I feel If I can get over this a little I might better able to cope with dealing with the whole donor egg route better.

I hope you understand my worry...On leaving my own clinic last week my doctor said to me, that four other girls
from my town were going for egg donor ivf in the Czech Rep from her clinic, just this month alone...it does make you think...
maybe a solution would be single one-off donors...Im really not sure, but its a worry I have at the mo.

Any comments welcome...


----------



## gra13 (May 26, 2010)

Hi girls, 

just wanted to bump this, hoping someone might answer..there was 30 views, 

Tanks..hopin for any other opinions...plse


----------



## g&amp;t (May 22, 2004)

Hi Gra,I'm trying Brno,i was trying gennet in Prague but there prices went up very quickly and when i looked the flights from Dublin to Bratislava are nearly half the price of flights to Prague.I'm having diffs downloading the forms.my DH can download them at work but you know its hard enough without everyone knowing your ins and outs.Ill find a way.I hope things are going well for you and your on your way soon.The whole donor thing is something I'm not sure i would tell,iv donated eggs before with 3 bubs at the end,if they contacted me id be fine,if they dont ill be fine because i made a choice i was happy and proud off.Anychild i may have from this process has nothing to connect with.I have an aunt in her 40's,she was adopted and has the information to contact her parents and has never wanted to,she said she isn't upset with them but its not part of her life.They have choice,I have a son 18yrs old who we sat down when he was 2ish and told him he had another daddy,we mention it every now and again IE you have Ian's ears or when people comment on his height he'll say that comes from Ian.He has never asked to see him or anything about him.He's a happy well rounded young man,we have given him the choice.he has yet to ask.
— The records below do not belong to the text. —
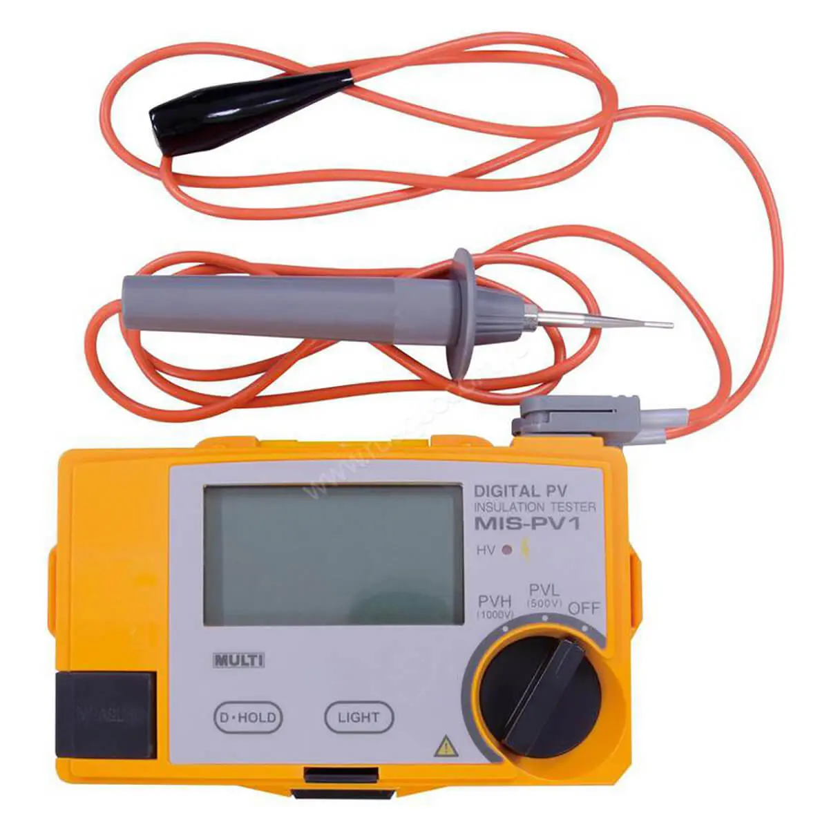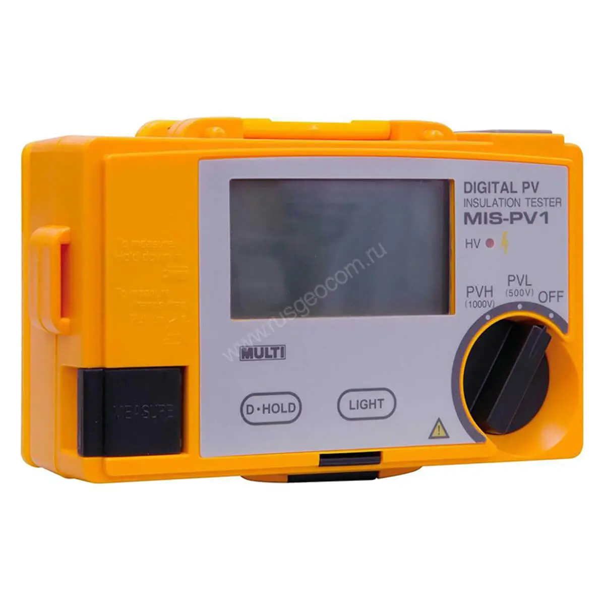 Измеритель сопротивления изоляции для использования в фотогальванических системах. Предел измерения сопротивления изоляции 100 МОм и 2 ГОм непосредственно во время генерации энергии солнечными батареями в линиях до 500 В и до 1000 В соответственно, базовая погрешность ±5 %, максимальное разрешение 1 кОм, ЖК-дисплей с подсветкой (разрешение 3200), удержание показаний, автооткл. через 10 мин., 6 х 1,5 В тип "АА", 170 × 105 × 52 мм, масса 350 г
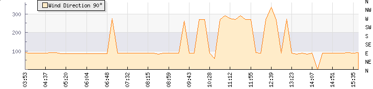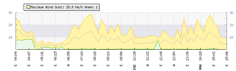 In the last few minutes the wind was Easterly at an average speed of 6 kmh, reaching up to 12 kmh and a low of 0 kmh. The gust strength is12 kmh above the minimum speed |
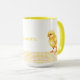 This customizable mug features a playful yellow chick standing on an yellow checkered base. Add any name to create a unique gift or personal keepsake. Perfect for animal lovers, rustic kitchens, or anyone who enjoys cheerful, farm-inspired designs. Ideal for birthdays, everyday use, or cottagecore collections. The clean layout and warm colors make it a charming addition to any drinkware set. Personalize it now and bring a touch of countryside joy to your daily routine.
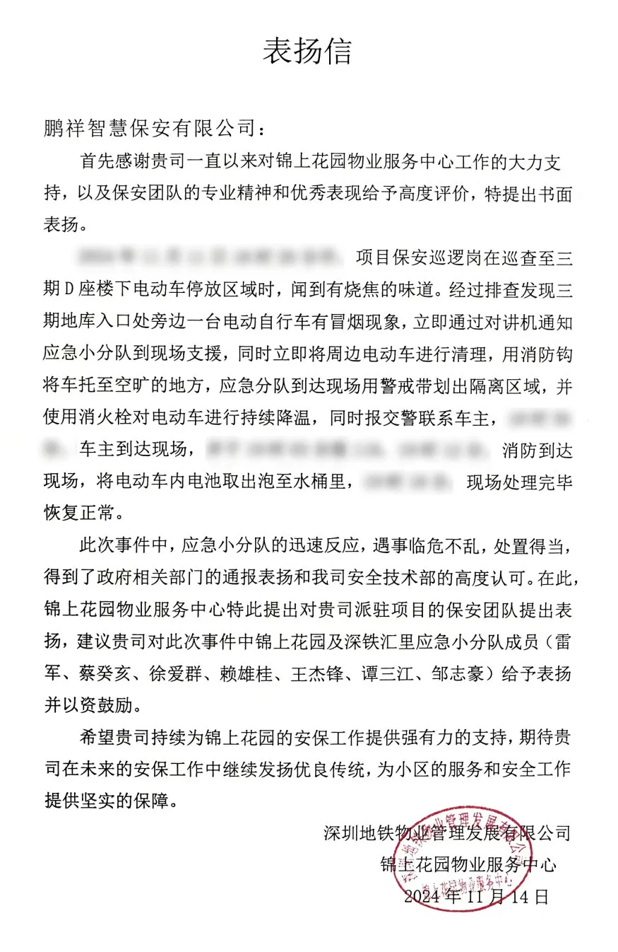 11月11日,鹏祥驻深铁物业项目保安在巡查过程中,发现一辆电动自行车冒黑烟。立即联合应急小分队,清理周边电动车,划出隔离区,随后用消火栓对着火车辆降温,火势迅速消除。此次事件妥善处理,鹏祥受到了六约南社区、深铁物业领导及物业服务中心的高度评价。
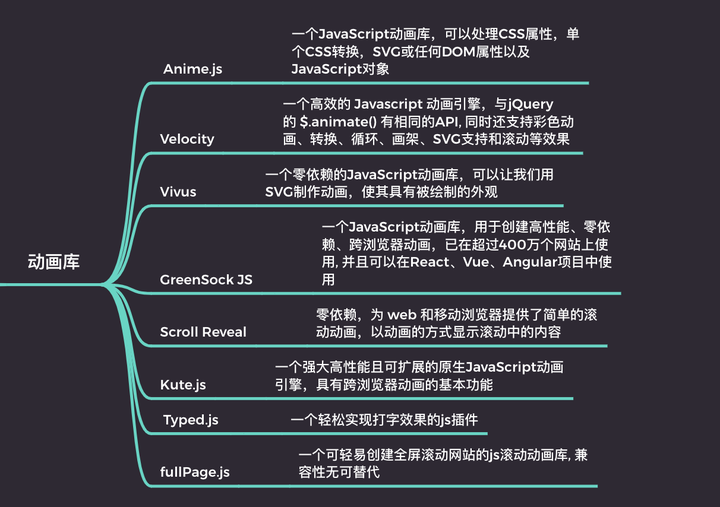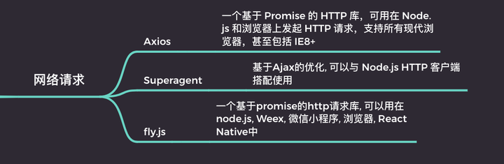 Axios 一个基于 Promise 的 HTTP 库,可用在 Node.js 和浏览器上发起 HTTP 请求,支持所有现代浏览器,甚至包括 IE8+Superagent 基于Ajax的优化, 可以与 Node.js HTTP 客户端搭配使用fly.js 一个基于promise的http请求库, 可以用在node.js, Weex, 微信小程序, 浏览器, React Native中动画库
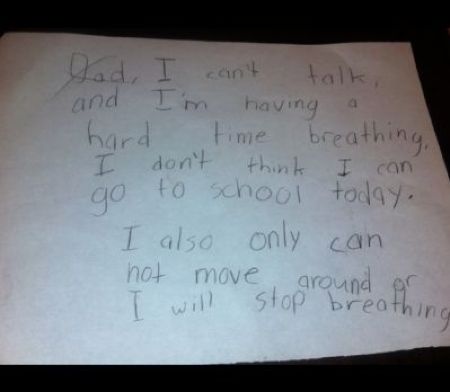 8. «Μπαμπά, δεν μπορώ να μιλήσω και αναπνέω δύσκολα. Νομίζω ότι δεν μπορώ να πάω στο σχολείο σήμερα. Αν κουνηθώ, θα σταματήσω ν’ αναπνέω.»: τα ψέματα είναι πολύ πιο εύκολα όταν γράφονται.

It took so much of the burden of others telling him or a situation were he needed something from my husband,blood etc I'm with you because i feel the truth is always the way to go.but i worry they will feel ,I dont even know what I'm frightened they may feel,I'm open to hearing your thoughts on the situation we'll hopefully both be in soon x o


----------



## gra13 (May 26, 2010)

Hi G&T...

tanks for your reply...your the only brave one who did reply!!
Its so nice to hear from someone else in the same situation..

I cant even begin to know how we will explain it when the time comes ( dats if we are sucessful-Please God we will be!!!x) 
but Im sure we'll deal with that at the time, as truthful & simple an explanation as we can, prob b the best solution..
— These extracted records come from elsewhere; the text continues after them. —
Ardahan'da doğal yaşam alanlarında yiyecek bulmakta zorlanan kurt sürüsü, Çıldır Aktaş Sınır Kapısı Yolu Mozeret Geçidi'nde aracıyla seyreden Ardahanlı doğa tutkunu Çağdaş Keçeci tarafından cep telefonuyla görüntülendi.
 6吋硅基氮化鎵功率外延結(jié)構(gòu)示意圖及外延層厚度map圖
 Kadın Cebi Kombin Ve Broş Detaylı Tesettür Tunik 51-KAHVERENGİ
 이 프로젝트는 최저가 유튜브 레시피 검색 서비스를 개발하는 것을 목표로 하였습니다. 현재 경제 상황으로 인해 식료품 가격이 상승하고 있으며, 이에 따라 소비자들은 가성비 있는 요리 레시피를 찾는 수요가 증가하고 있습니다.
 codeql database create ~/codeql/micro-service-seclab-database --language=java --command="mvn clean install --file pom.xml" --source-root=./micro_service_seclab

My main concern at the mo, is the number of Irish people going to these countries for donor ivf..
and in years to come, there will be half brothers & sisters living in Ireland, not knowing this fact.
the doctor in my clinic advised to get genetic testing on any baby..to rule out the possibility (extremly low possibility-
but still a possibility) of them meeting up in years to come..and having their own family, to awful consequences..
I would feel gravely responsible not to inform children with this possible outcome in mind..

I do wonder how others feel about this, as at the start of us going down the whole donor egg route, 
England was mentioned for the treatment, basically because you can get the identity of the donor...
I did think about this, & dh felt to know the identity would be a good thing, but I feel, If we know the identity of this donor, 
& we tell our child, whos to say this donor would not be used again for another child & this child wouldnt be told.
The same worry & problem could arise in the future...

maybe Im just a natural worrier. ( Well I know I am!!) ..but I do feel if I havnt protected any future child of mine, 
from any possible harm, I would be very irresponsible.

what do u think? am I being too protective


----------



## Bunny-kins (Oct 3, 2008)

Hi Gra13,

Personally, I've not been down the egg donation route.  But do feel you've brought up an interesting question. I certainly  understand where you are coming from with worries about the future of half siblings meeting half siblings etc; but, the likelyhood of donated eggs coming from the same woman who donated them in the Czech republic ending up in Ireland near to where you live, the probability must be extremely rare. 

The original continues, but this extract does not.